Another question raised the issue - if manufacturers don’t provide laboratories with risk information, then what would be the value of EP23? One response was that EP23 would "stand on its own" and still be useful to laboratories. That means the laboratory director would now be responsible for making his/her own assessment of failure modes and risks, as well as identifying those measures for mitigating and monitoring risks. That’s a daunting task, and I worry that those 3.5% of unqualified laboratory directors might not know any better and I’m not so sure about the remaining 96.5% either! I would think most laboratory directors would find it too difficult and would resort to an easier way, such as the default QC of 2 levels per day.

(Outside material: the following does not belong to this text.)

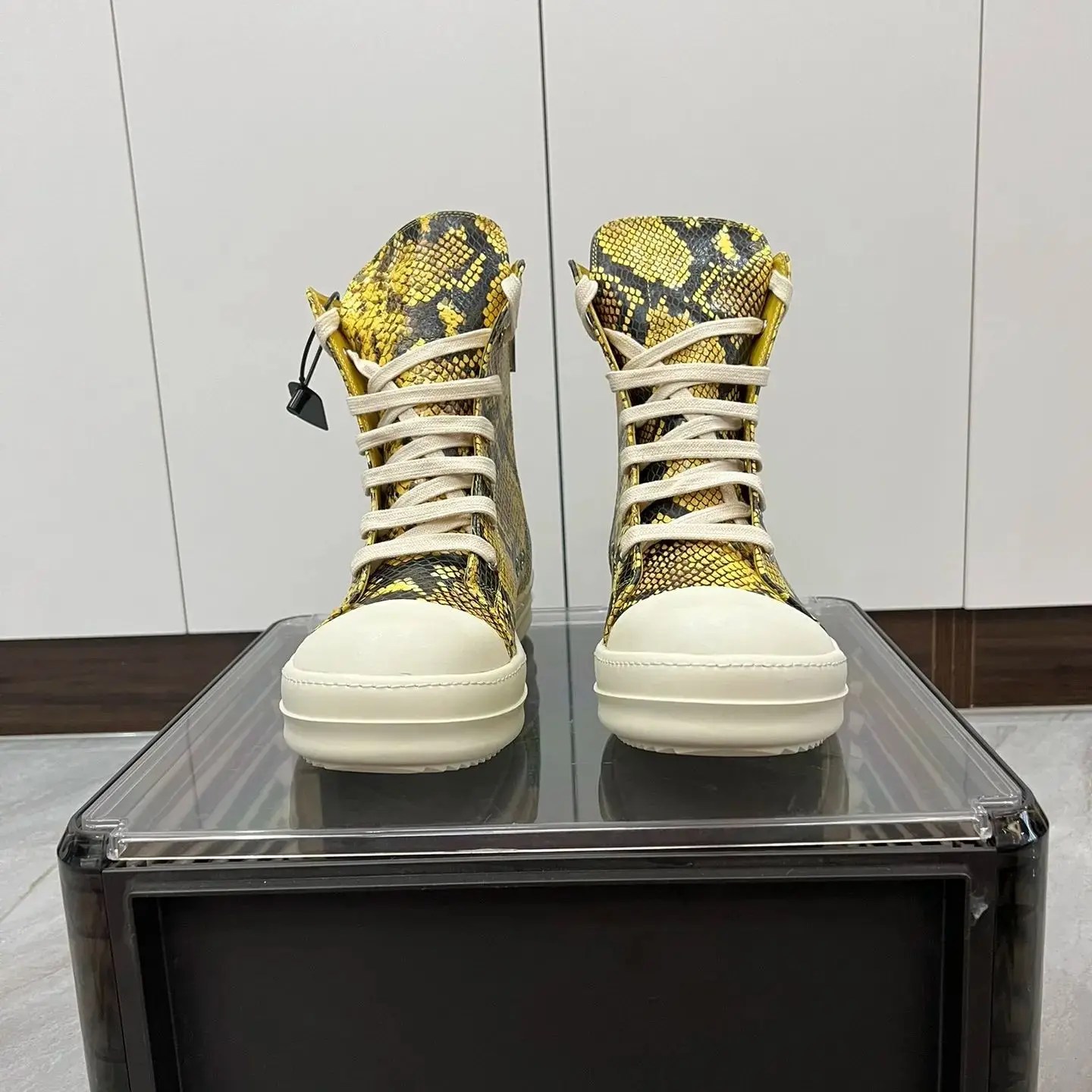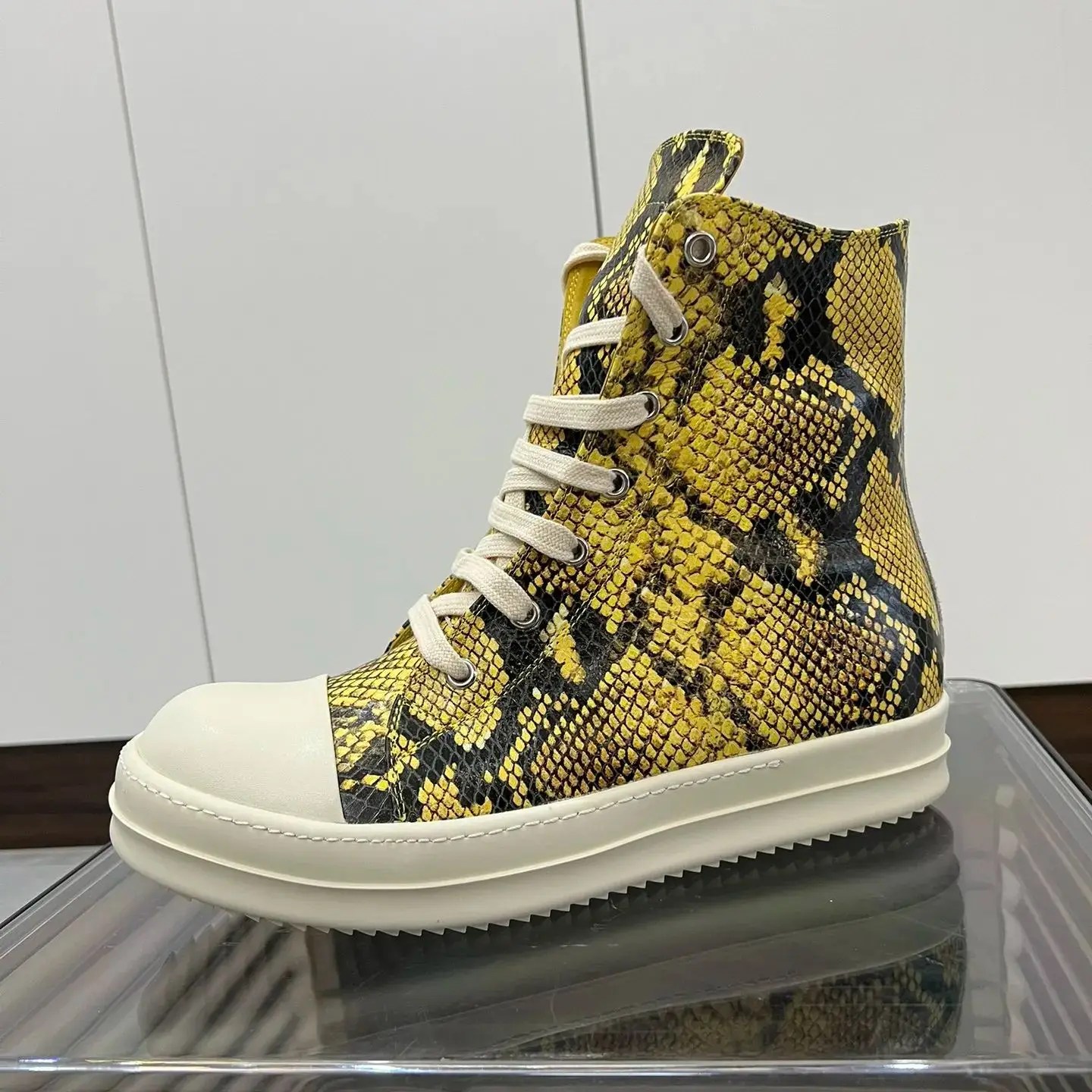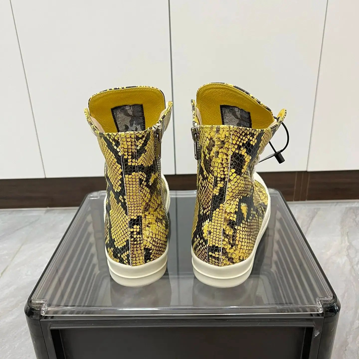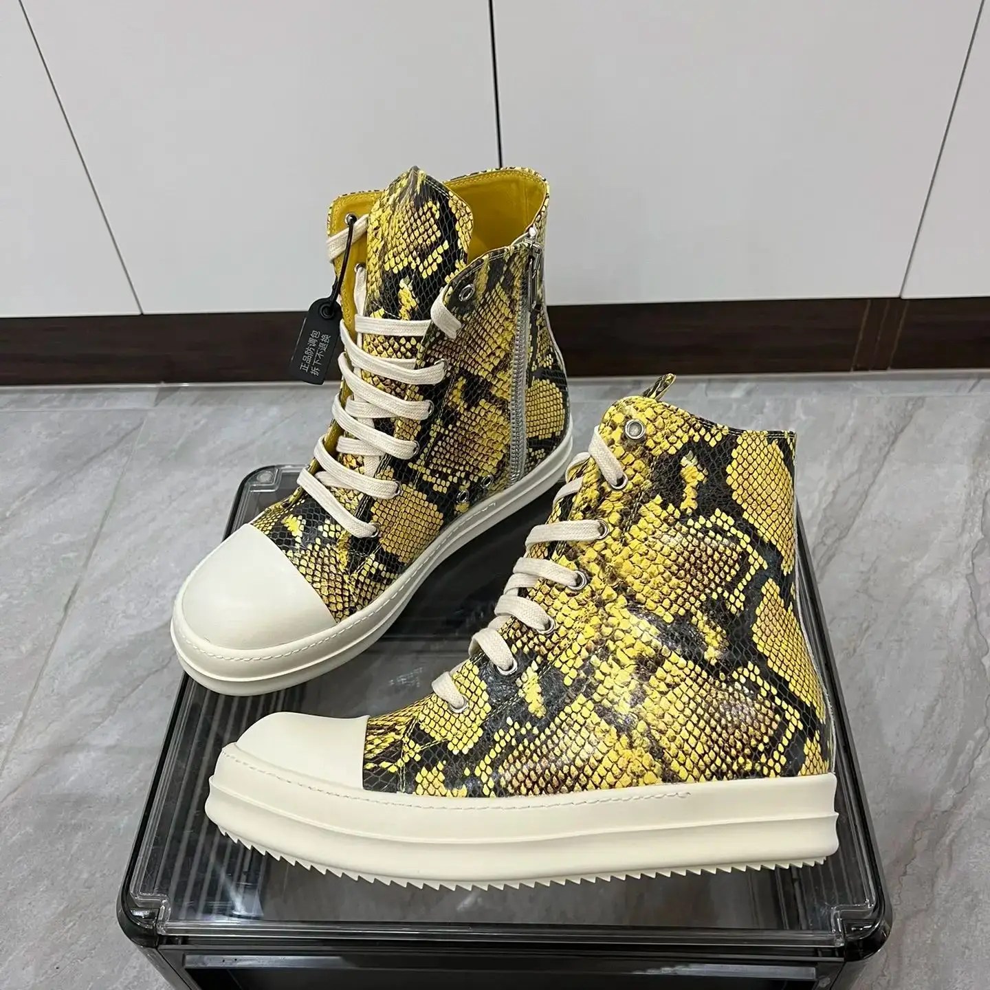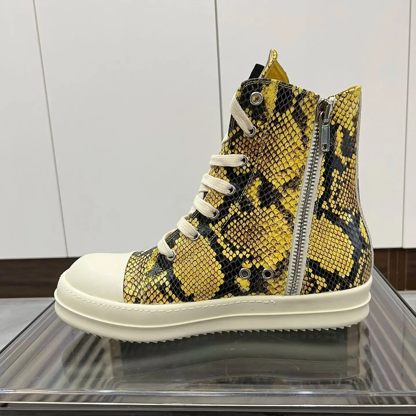 Handmade yellow python pattern leather high-top sneakers by UNITYPUREMAX™. Genuine cow leather, zipper lace-up design, unisex fit, height-enhancing insole, real photos.

Remember, with EQC and AQC, we’re primarily considering how to save money by doing less QC. The objective is to reduce the number of failures, which will reduce internal failure-costs, such as the cost of QC, cost of repeating QC, cost of repeating patients, cost of trouble-shooting, etc.). We should also worry about external failure-costs, i.e., the costs of producing wrong test results, which may lead to the wrong diagnosis, wrong treatment, or wrong assessment of treatment, which may have much larger costs. Those costs won’t show up on the laboratory budget, however, so they may not receive as much attention.

In summary, the original 2 year timeline for resolution of the issues with EQC has now become a 4 year time period during which EQC has been successfully established de facto by CMS, and AQC is now being proposed as a further alternative to doing statistical QC. The original focus on POC tests has morphed to analytic systems in general and AQC will most likely be adopted and adapted by large laboratories with skilled analysts, rather than POC applications where EQC represents the simplest way to reduce the QC and still be in compliance with the CLIA regulations.

AQC may indeed turn out to be valuable for customizing QC to fit the specific needs of an analytic system operated in a particular laboratory. However, I would caution laboratories to keep in mind that statistical QC is still an important tool in the QC toolbox and may, in fact, be the most universal and powerful tool that is available. When all is said and done, you will need statistical QC to monitor that “residual risk” that manufacturers pass on to the laboratory.

James O. Westgard, PhD, is a professor emeritus of pathology and laboratory medicine at the University of Wisconsin Medical School, Madison. He also is president of Westgard QC, Inc., (Madison, Wis.) which provides tools, technology, and training for laboratory quality management.